* Cyclical stocks look expensive after rally
* Defensive sectors attract ETF money-Markit
* Healthcare among top earnings season performers
By Tricia Wright
LONDON, Feb 22 (Reuters) - European equity markets are starting to plateau and investors keen to milk further gains are switching into stocks better suited to a low growth environment.
Citigroup’s keenly-watched U.S. Economic Surprise Indicator (CESI) has turned negative, a historical harbinger for outperformance of so-called defensive sectors such as healthcare and food and beverages, which are traditionally more reliable in terms of earnings and dividends.
The rally of around 24 percent seen in European equities over the eight months to a January peak, bolstered by the European Central Bank’s promise to defend the euro, has left stocks that are highly geared to the economic cycle expensive.
The real estate and retail sectors, for example, are trading on 12-month forward price/earnings ratios of 18 times and 14 times respectively, compared with the market average of 12 times, according to Thomson Reuters data.
Meanwhile, deteriorating confidence in euro zone growth, political worries surrounding Spain and Italy and fears the U.S. Federal Reserve could prematurely wind down its asset purchase programme have seen stock markets drift back in past weeks.
Normally this might cause a rotation out of stocks altogether. But in a climate of low interest rates and below-inflation bond yields, equities retain the edge over other asset classes. So investors are turning to defensive stocks.
“We think that one should be looking over the next two-to-three months for consolidation in the markets ... (and for them) to have less of the cyclical weight and more of the defensive weight,” JPMorgan analyst Mislav Matejka said.

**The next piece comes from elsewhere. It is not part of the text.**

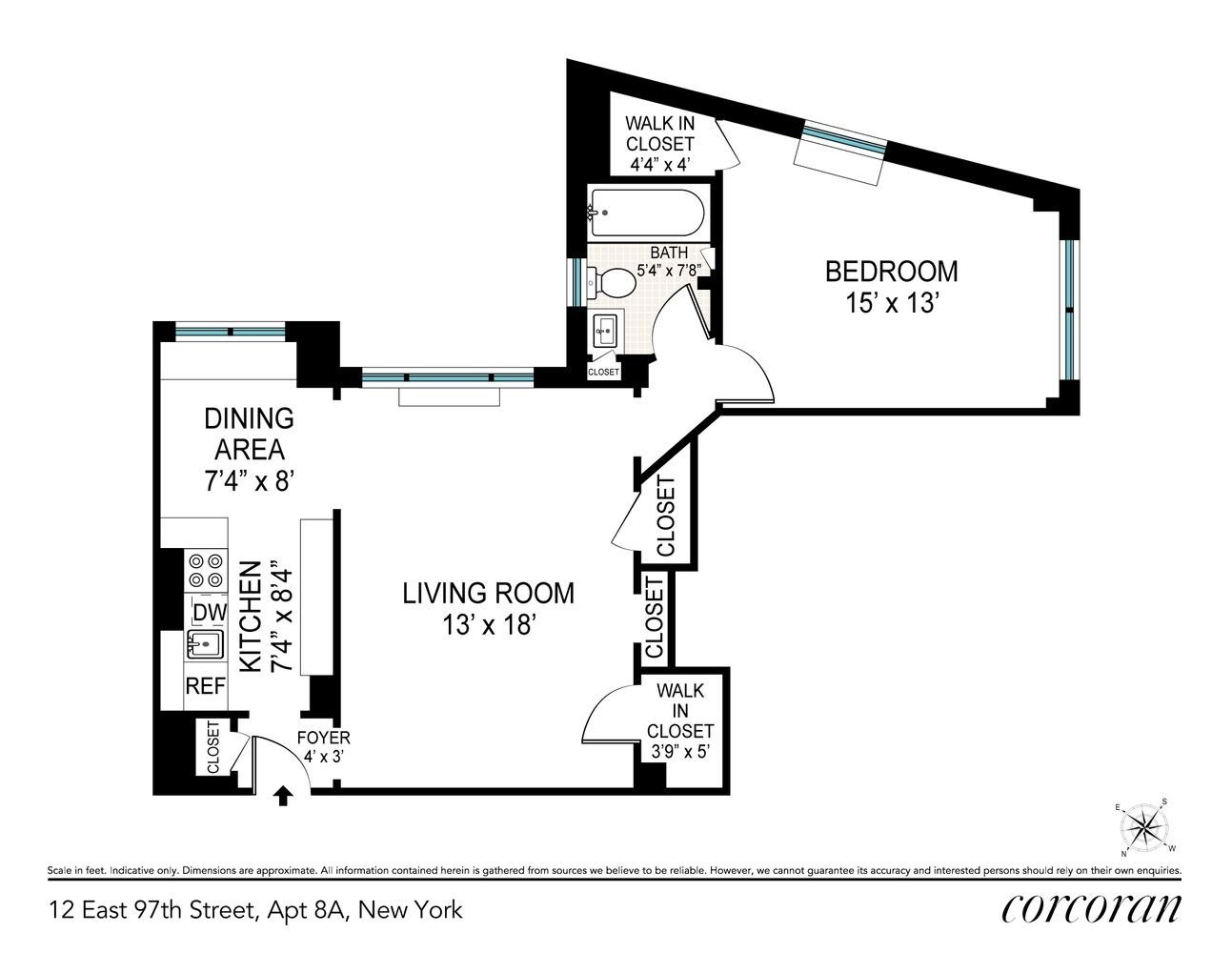 Located off Fifth Avenue on Manhattan’s Upper East Side, is this bright one bedroom with a separate dining area, a renovated kitchen and bath, hardwood floors and prewar charm. A washer and dryer may be installed. 12 East 97th Street is a beautiful prewar building that’s pet friendly, with full-time doormen and a live-in super. The building has a charming lobby and a landscaped garden entry. In the basement is a laundry room, bike room, and a common storage room with designated spaces for each apartment. Located in popular Carnegie Hill near the Reservoir jogging paths, Central Park tennis courts, the East Meadow, and 2 new playgrounds. It is a quick walk to the Conservatory Gardens and many museums, shops and restaurants. St. Nicholas Russian Orthodox Cathedral with its striking onion domes is just across the street. There is an assessment of $67.09 per month for 12 months, ending 12- 2022.

JPMorgan recently moved its rating for cyclicals to “underweight” versus defensives, highlighting that during market pauses, pharmaceuticals and consumer staples tend to shine.
Its research shows that a move below zero on the CESI has, on the last five occasions, seen underperformance of European cyclicals against defensives during the following three months - by 4 percent on average.
Investors have started to shift that way this month, despite the already relatively expensive valuations.
Europe-focused exchange-traded funds covering defensive sectors saw net inflows of $39.2 million from Feb. 1-17, having suffered outflows in January, with the biggest boost coming from healthcare tracking products, according to data firm Markit.
Cyclical sectors, over the same period, saw net outflows of $186 million after attracting money in January.
“Before the economic situation starts to improve clearly in Europe, it will take time for the cyclicals to really do much better,” Fabrice Theveneau, head of equity research at Societe Generale said.
Societe Generale is keen on pharmaceuticals, anticipating a modest rebound buoyed in part by their strong emerging market exposure.
True to form, at around half time in the European earnings season, defensives are among the top performers, led by healthcare.
In a sign this earnings superiority will continue, European healthcare and consumer staples sectors sit on implied 10-year EPS compound annual growth rates of 3.8 and 6.3, heralding better prospects of increased earnings against the STOXX Europe 600 on 2.4, Thomson Reuters data showed.
Citi European equity strategist Jonathan Stubbs described ‘defensive growth’, or firms with proven track records in times of broad economic and profit distress and which are growing faster than the market, as an “earnings call option”.
A call option profile has ‘limited’ risk of falls but ‘unlimited’ potential for gains, and so defensive growth fits this billing.
Stubbs said that in 2008/2009, when market earnings halved from peak to trough, those for defensive growth firms fell less than 20 percent.
Citi is “overweight” healthcare, in which Sanofi, Bayer and Novartis are key picks, and food & beverages stocks, among which it likes Anheuser-Busch InBev and Danone.
“To chase cyclicals we’d need to believe in a strong pick-up in domestic or global growth - which we don‘t. Modest growth is unlikely to be the launch-pad for sustained cyclical outperformance in 2013,” Stubbs said.